--- Problem to solve ---
Transcribe every line of the material below exactly, leaving out the pictures.

--- Entries shown ---

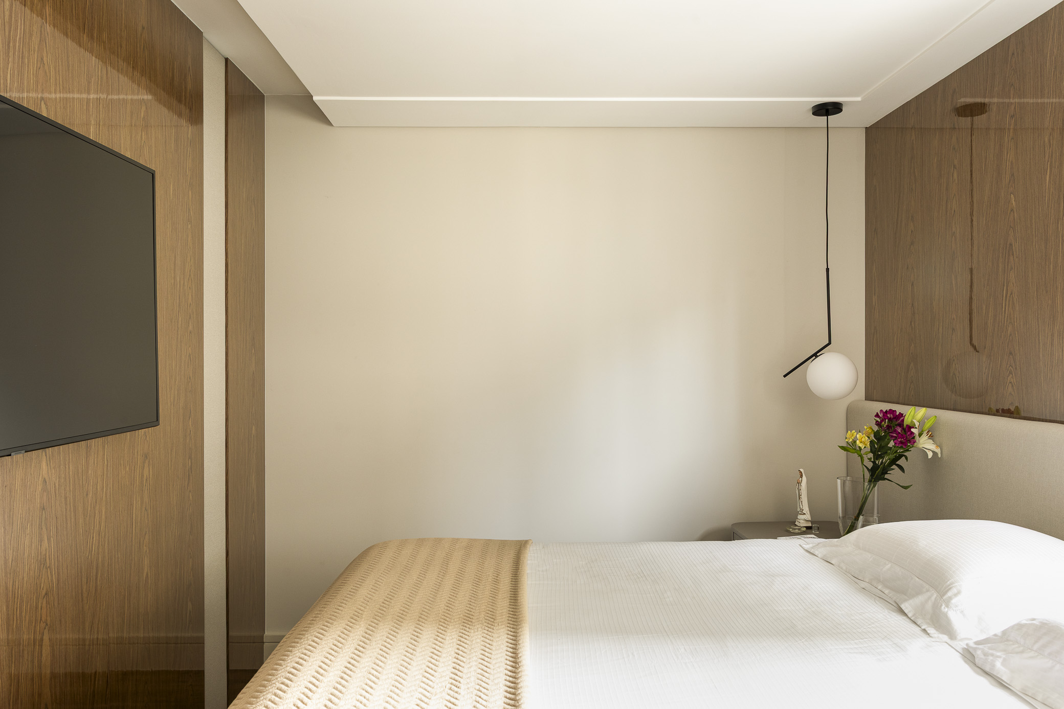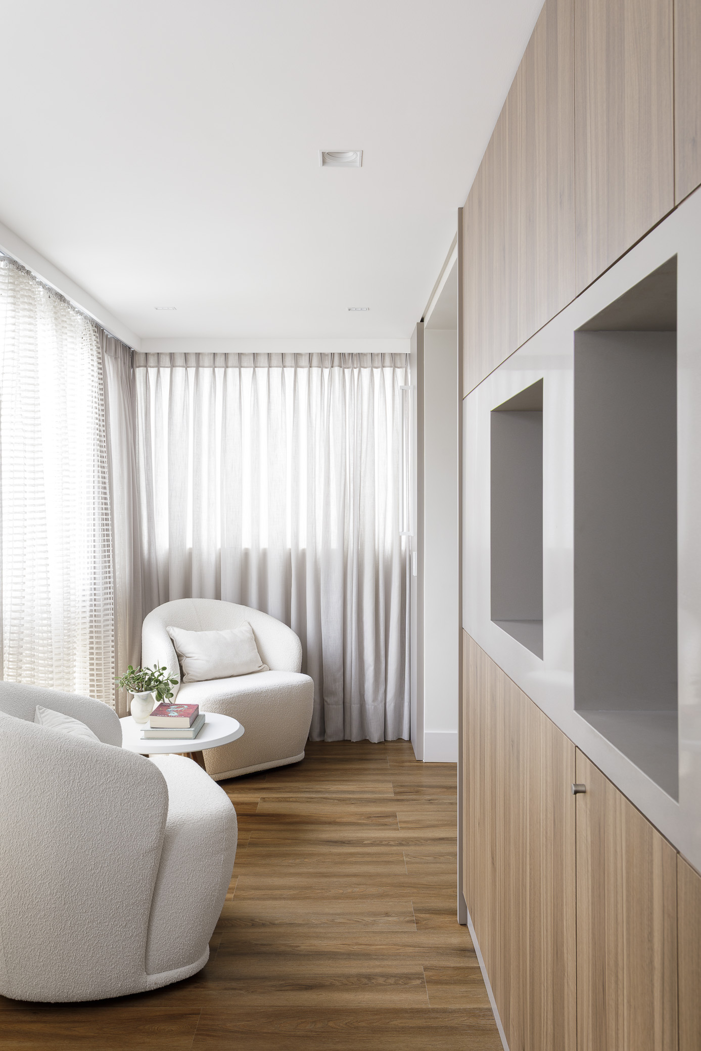 As áreas íntimas também foram repensadas: suíte master, quarto da filha e escritório passaram por reconfiguração, com soluções que otimizam o uso dos espaços e alinham estética e funcionalidade.
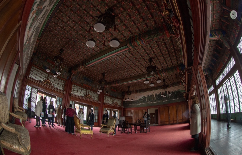 조선의 마지막 왕 순종이 1926년 숨을 거두기 전까지 생활했던 서울 종로구 와룡동 창덕궁 희정당 내부가 한시적으로 공개된 11월8일 오후 시민들이 이를 둘러보고 있다. 조선의 건축 양식에 따라 고풍스럽게 지은 희정당은 임진왜란과 인조반정 때 불탔고, 1833년과 1917년에도 불이 났다. 현재 건물은 1920년에 다시 지었다. 일제가 경복궁 강녕전을 해체해 그 자재를 복원에 쓴 것으로도 알려졌다. 냉·온수가 따로 나오는 세면대부터 현대식 화장실에 유리창과 전등, 유럽풍 가구를 갖췄다. 문화재청은 11월30일까지만 매주 목·금·토요일 오후 2시와 3시에 관람을 허용한다.
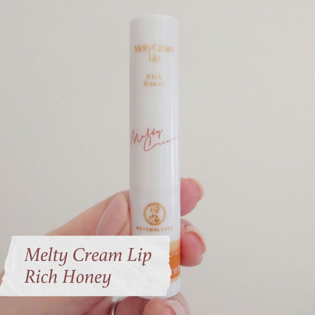 唇や空気中の水分と反応してうるおいを抱え込み、クリームに変わる「モイストバンク技術」を採用。 体温でとろけるので塗り心地が良いです! 少しツヤが出るのでリップの下地にもおすすめ。 リッチハニーの香りは強すぎず、ふんわり甘い蜂蜜の香りで癒されます🍯
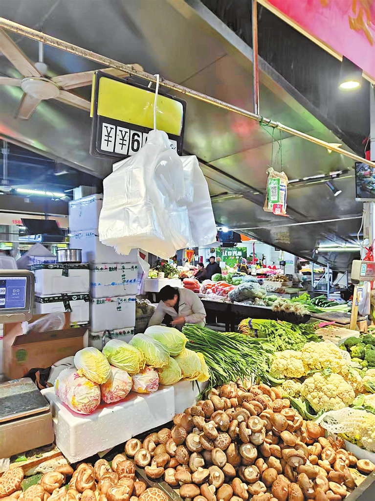 在郑州市德济路陇海四季鲜市场内,菜贩的固定摊位上方挂着成沓的不可降解塑料袋。在郑州市管城后街的街边,流动摊贩的车子上挂着不可降解塑料袋。郑州市花园路与农业路交叉...
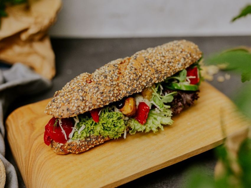 - Nun kannst du deine Kornstangerl mit dem Gemüse belegen. Wir empfehlen gegrillte und eingelegte Paprika, Gurkenscheiben, ein bisschen Kren, Eisbergsalat und Erbsensprossen dazu. Ganz oben belegst du das Stangerl mit den goldgelb gebratenen Tempeh-Würfeln.
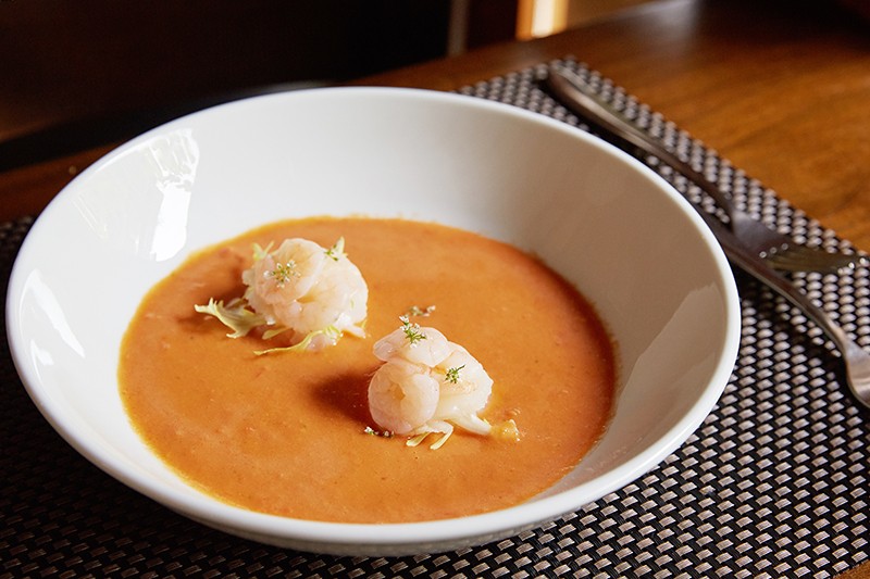 <해산물 밀푀유를 곁들인 대저토마토 가스파초>
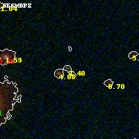 Object #232 x,y = (2854, 3148) RA, Dec = (00:32:09.768, 18:08:31.56) = (8.04070, 18.14210) BPZ = 3.402 [3.126--3.506] type = 11.00 (SB11_A_0_l) chisq2 = 0.57 ODDS = 0.87 z_cluster = 0.396
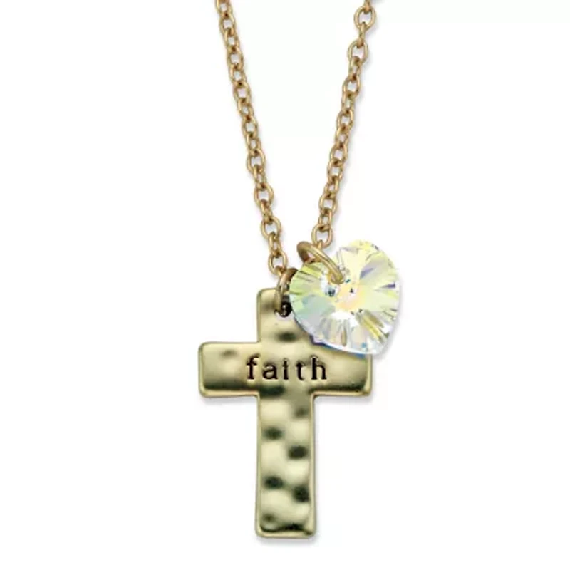 A little sparkle, a little inspiration...this pendant necklace features a cross with trendy hammered detailing and an inscription of "faith" set off by a gorgeously faceted crystal heart charm. 18" length rolo-link chain with a 2.5" extension. Gold tone.Main Stone: 1 Heart Faceted Cut Simulated Aurora Borealis Swarovski Elements Crystal, 10 mm x 10 mmGoldtone; Includes Goldtone ChainPendant: 16 mm wide x 18 mm long x 1 mm high; Chain: 1 mm wide x 18 inches long x 1 mm high, plus 2 1/2 inch extensionIncludes gift box and drawstring pouchGoldtoneIncludes Goldtone ChainPendant Dimensions: 16 mm wide x 18 mm long x 1 mm high, Chain Dimensions: 1 mm wide x 18 inches long x 1 mm high, plus 2 1/2 inch extensionIncludes gift box and drawstring pouch 2 Jewelry clasp, 1 Polished finish Warranty available China Imported Product Specifications 0.67 in x 18 in x 0.63 in, 18" length Material & Care Metal, Gold-Tone Clean with a soft cloth.
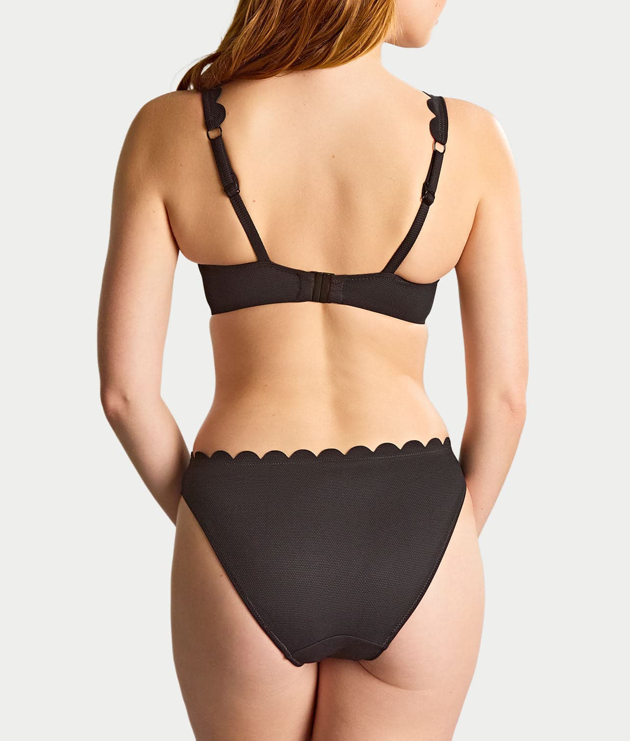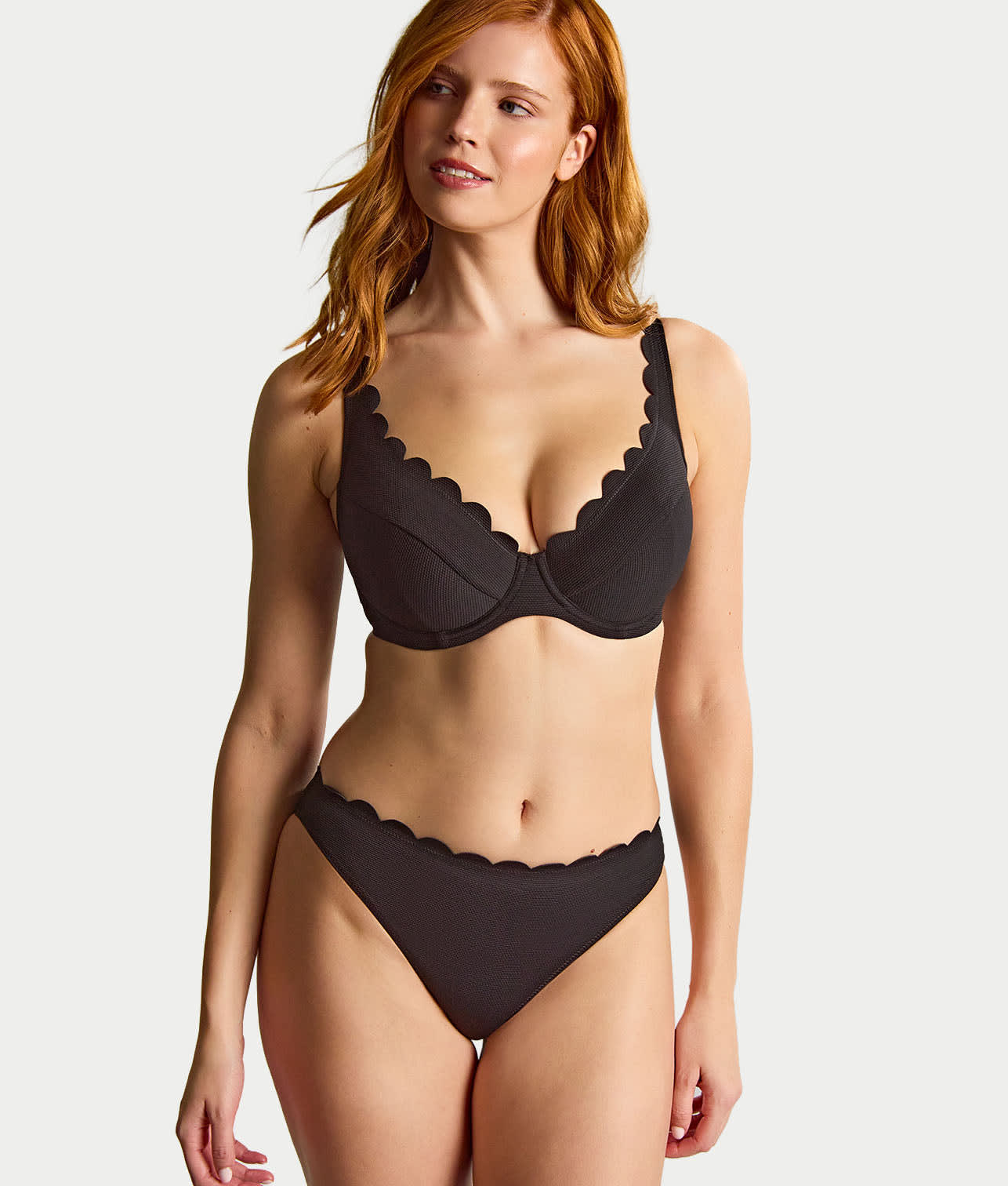 • Flirty plunging bikini top with scalloped trim

---

--- Finished exercise ---
 As áreas íntimas também foram repensadas: suíte master, quarto da filha e escritório passaram por reconfiguração, com soluções que otimizam o uso dos espaços e alinham estética e funcionalidade.
 조선의 마지막 왕 순종이 1926년 숨을 거두기 전까지 생활했던 서울 종로구 와룡동 창덕궁 희정당 내부가 한시적으로 공개된 11월8일 오후 시민들이 이를 둘러보고 있다. 조선의 건축 양식에 따라 고풍스럽게 지은 희정당은 임진왜란과 인조반정 때 불탔고, 1833년과 1917년에도 불이 났다. 현재 건물은 1920년에 다시 지었다. 일제가 경복궁 강녕전을 해체해 그 자재를 복원에 쓴 것으로도 알려졌다. 냉·온수가 따로 나오는 세면대부터 현대식 화장실에 유리창과 전등, 유럽풍 가구를 갖췄다. 문화재청은 11월30일까지만 매주 목·금·토요일 오후 2시와 3시에 관람을 허용한다.
 唇や空気中の水分と反応してうるおいを抱え込み、クリームに変わる「モイストバンク技術」を採用。 体温でとろけるので塗り心地が良いです! 少しツヤが出るのでリップの下地にもおすすめ。 リッチハニーの香りは強すぎず、ふんわり甘い蜂蜜の香りで癒されます🍯
 在郑州市德济路陇海四季鲜市场内,菜贩的固定摊位上方挂着成沓的不可降解塑料袋。在郑州市管城后街的街边,流动摊贩的车子上挂着不可降解塑料袋。郑州市花园路与农业路交叉...
 - Nun kannst du deine Kornstangerl mit dem Gemüse belegen. Wir empfehlen gegrillte und eingelegte Paprika, Gurkenscheiben, ein bisschen Kren, Eisbergsalat und Erbsensprossen dazu. Ganz oben belegst du das Stangerl mit den goldgelb gebratenen Tempeh-Würfeln.
 <해산물 밀푀유를 곁들인 대저토마토 가스파초>
 Object #232 x,y = (2854, 3148) RA, Dec = (00:32:09.768, 18:08:31.56) = (8.04070, 18.14210) BPZ = 3.402 [3.126--3.506] type = 11.00 (SB11_A_0_l) chisq2 = 0.57 ODDS = 0.87 z_cluster = 0.396
 A little sparkle, a little inspiration...this pendant necklace features a cross with trendy hammered detailing and an inscription of "faith" set off by a gorgeously faceted crystal heart charm. 18" length rolo-link chain with a 2.5" extension. Gold tone.Main Stone: 1 Heart Faceted Cut Simulated Aurora Borealis Swarovski Elements Crystal, 10 mm x 10 mmGoldtone; Includes Goldtone ChainPendant: 16 mm wide x 18 mm long x 1 mm high; Chain: 1 mm wide x 18 inches long x 1 mm high, plus 2 1/2 inch extensionIncludes gift box and drawstring pouchGoldtoneIncludes Goldtone ChainPendant Dimensions: 16 mm wide x 18 mm long x 1 mm high, Chain Dimensions: 1 mm wide x 18 inches long x 1 mm high, plus 2 1/2 inch extensionIncludes gift box and drawstring pouch 2 Jewelry clasp, 1 Polished finish Warranty available China Imported Product Specifications 0.67 in x 18 in x 0.63 in, 18" length Material & Care Metal, Gold-Tone Clean with a soft cloth.
 • Flirty plunging bikini top with scalloped trim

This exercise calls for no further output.